During a November presentation sponsored by the Denver Art Museum at the Temple Events Center, Christo and Jeanne-Claude announced to a crowd of more than 700 people that their first choice was the Arkansas River near Salida. The decision wasn't exactly a surprise; an in-depth presentation of the couple's drawings of the Arkansas was already on display at Robischon. And it marked the second time that Christo and Jeanne-Claude had selected a Colorado site for one of their creations. The first was the short-lived "Valley Curtain" near Rifle, which stood for only one day in August 1972 before gale-force winds ripped it to shreds. Weather permitting, "Over the River" will stand for two weeks.

Just inside the door at Robischon is one of the earliest explorations of the "Over the River" idea, a 1992 drawing titled "The River." The river depicted is generic, with no sense of the American West--"It could be in Bulgaria," notes gallery director Jim Robischon. But the drawing does lay out Christo and Jeanne-Claude's concept in a fairly straightforward manner. Steel cables are suspended from one bank of the river to the other; the cables hold fabric panels high enough above the river so that visitors can walk along the river under the fabric. Unlike many of the couple's works, then, "Over the River" is meant to be seen from both above and below.

All the other pieces in the gallery's front space refer to specific rivers in the West, including the Rio Grande in New Mexico and the Payette in Idaho. Mostly, though, the exhibit focuses on the Arkansas, which appears in twelve of the eighteen "Over the River" items. The most important of these are two large, horizontal diptychs, "Arkansas River (Ref. #7)" and "Arkansas River (Ref. #10)." In the top panel of each, a pair of photos sits next to an enlarged detail of a topographic map; in the bottom panel, a large drawing depicts the river.

These two pieces display Christo's influential aesthetic. His casual and expressive drawing style has been widely imitated, and today works like these are everywhere, as many artists combine maps, photos, drawings and handwritten text. But it was Christo who pioneered the approach.

In addition to the "Over the River" pieces, Robischon also features several works from an earlier, not-yet-built Christo effort: "The Gates," a proposal for New York City's Central Park. This piece will be made up of rectangular steel gates hung with yellow fabric that will be placed along 26 miles of footpaths in the park.

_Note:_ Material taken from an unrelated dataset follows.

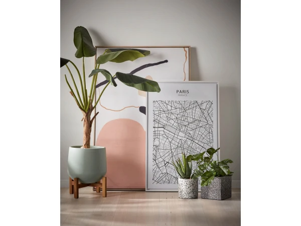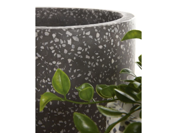 Terrazzo, terug van weggeweest, is de hoofdrolspeler in deze bloempotten. Deze set bestaat uit twee ronde bloempotten: een grotere met grijze bodem en een kleinere, met witte bodem. Ze zijn weerbestendig om op het terras te zetten, maar brengen ook veel sfeer in de woonkamer. It’s up to you!

According to the artists' statement, "The Gates" will take advantage of the organic design of the paths and the work will seem like a "golden river," serving as a contrast to "the geometric grid pattern of Manhattan."

Christo and Jeanne-Claude have been joined by another river-runner at Robischon--Mario Reis, a German artist known for submerging his canvases in actual rivers. Reis came up with the idea of getting his paintings wet in 1977, when, in an emotional snit, he threw a painting of the Seine into its namesake. When he retrieved the canvas, he found it covered with gray-green silt and realized he had captured the river in a way that he never could have by simply illustrating it. Since that time, Reis has embarked on an international effort to capture the color and character of the world's rivers. These "hydronomical self-portraits" consist of unstretched canvas panels to which the silt of the river has adhered. The resulting colors, though muted, range from expected pinks and browns to less expected tones like yellow and black.

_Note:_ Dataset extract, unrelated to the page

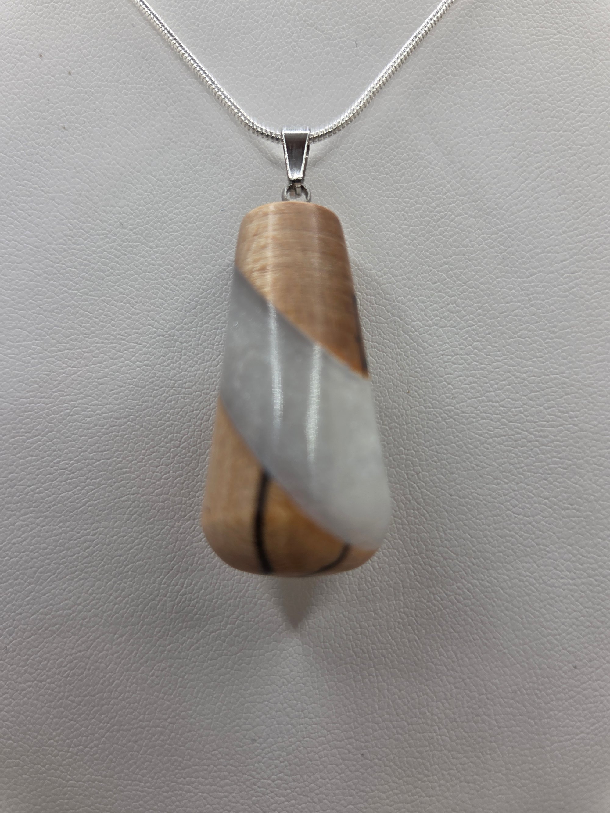 Stabilized wood and white pearl resin necklace with 18 inch silver plated stainless steel chain

And Reis isn't always content to let the rivers paint themselves. In his so-called intentional works, three of which are presented in Mario Reis: Nature Watercolors, he applies natural powdered elements such as salt and iron to the canvas himself.

Both the Reis display and the Christo/Jeanne-Claude show reflect the commitment of gallery co-directors Jim Robischon and Jennifer Duran. These artists, after all, are working at the margins of the art world and, as a result, their pieces are surely difficult to sell. In the case of Christo and Jeanne-Claude, the cost of the works is also well beyond the means of all but the wealthiest people in the city. But once again, Robischon--as it has so many times before--sees its first priority as making a cultural contribution. Call it a stream of conscience.